More than 400,000 Indian workers in the United States hoping to obtain an employment-based green card will have to wait 134 years. according to to a new analysis from the libertarian think tank Cato Institute.
The U.S. government’s annual cap of 140,000 employment-based visas and 7% per-country limit have led to a backlog of 1.8 million cases, of which 1.1 million are from India.
As of March 2023, there was a backlog of 80,324 employment-related petitions, comprising 171,635 applicants, including spouses and minor children. Additionally, 1.3 million people were placed on a waiting list, while 289,000 were undergoing treatment. adjust their status. Some employed immigrants were also waiting for their visas to be processed at consulates and embassies abroad, although the State Department did not disclose the exact number of these cases. According to Cato, there may be some overlap in the backlog due to multiple petitions filed on behalf of the same person.

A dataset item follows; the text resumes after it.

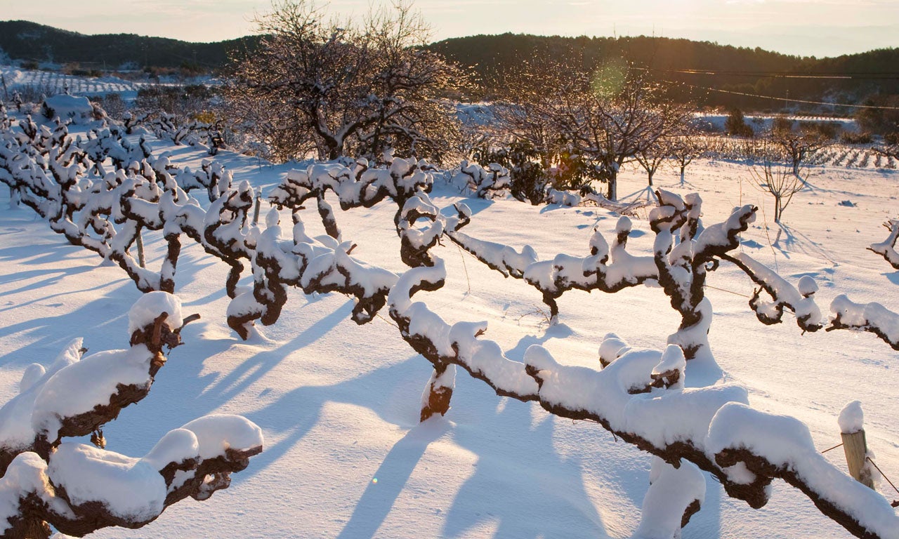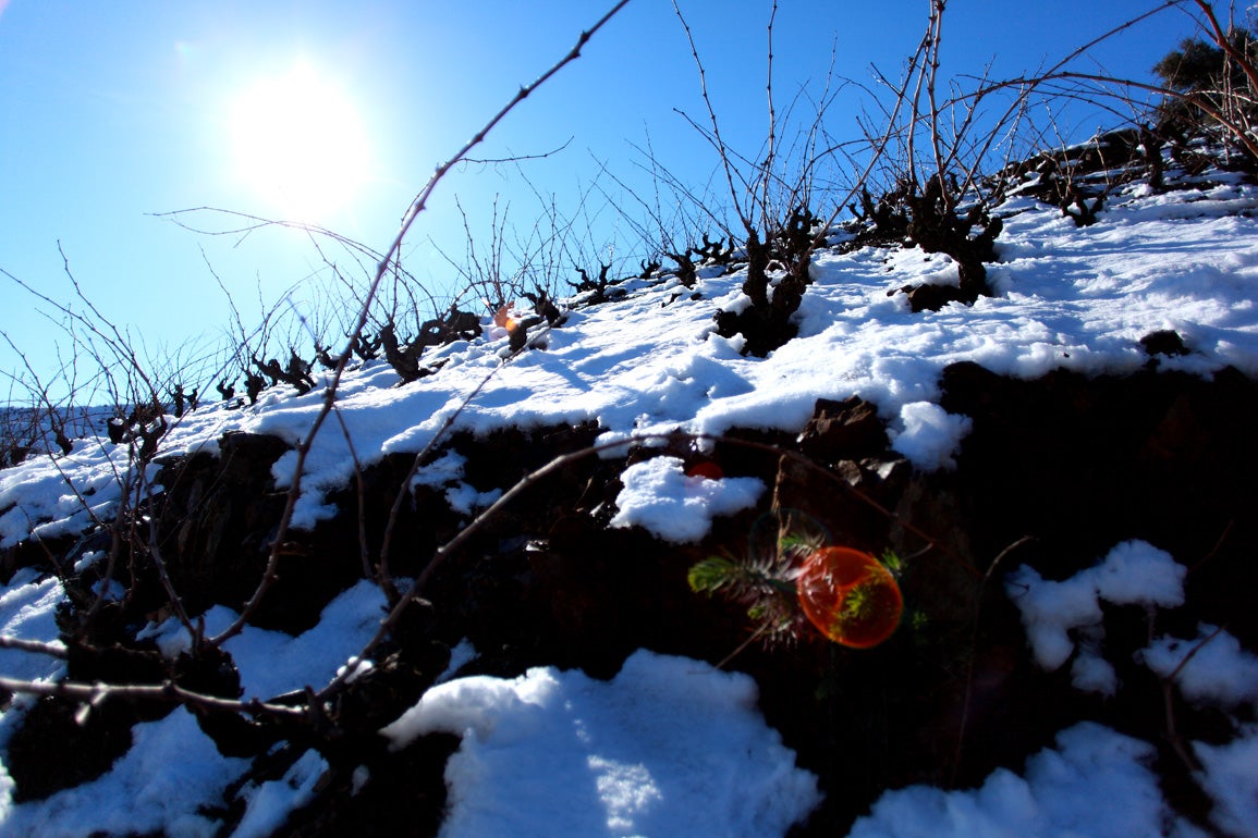 I l’hivern, també deixa algunes postals emblanquinades, vinyes cobertes de neu.
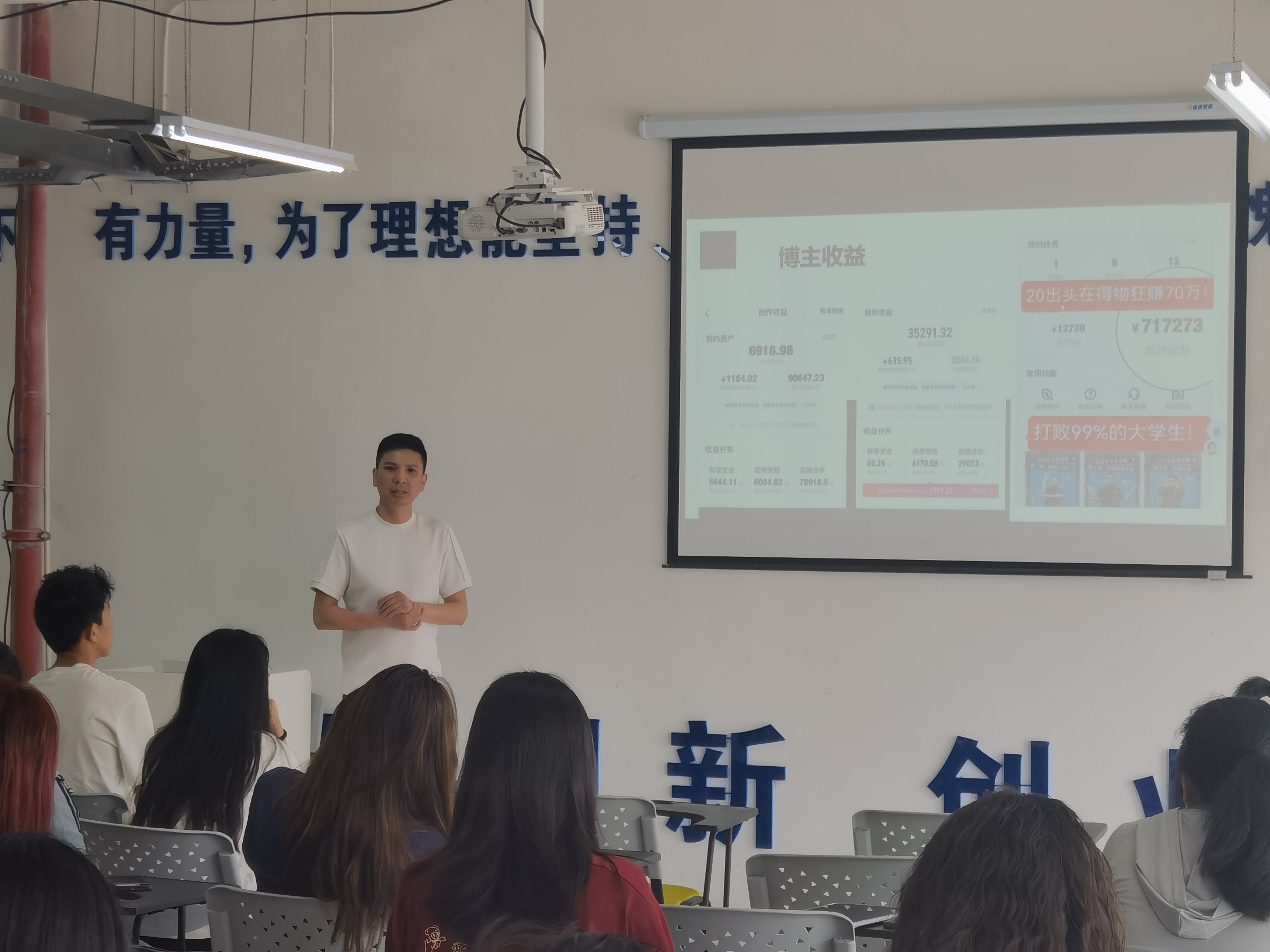 在数字经济浪潮奔涌的当下,为深化产教融合,助力学生把握时代机遇,5月25日上午,学院在数智电商产业基地开展电商直播技能培训及得物达人孵化培训。此次培训特邀江西环游网络科技有限公司运营主管万龙、讲师吴志阳授课,吸引近80名同学踊跃参与。

The majority of late files fall under the EB-2 category, for workers with higher diplomas. Another 19% are in the EB-3 category for employees with a bachelor’s degree. THE EB-4 This category, which includes “special immigrants” such as Afghan and Iraqi interpreters, represents around 13% while EB-5 Large investors represent 6% of cases.
The overwhelming majority of the backlog, about 1.1 million cases out of 1.8 million, comes from India (63%), while almost 250,000 cases come from China (14%). The Northern Triangle countries of El Salvador, Honduras, and Guatemala contribute nearly 10 percent, mostly within the special EB-4 immigrant category. For new Indian applicants, the backlog in the EB-2 and EB-3 categories effectively translates to a life sentence, with an astonishing wait of 134 years. Cato estimates that about 424,000 job seekers will die while waiting for their green cards.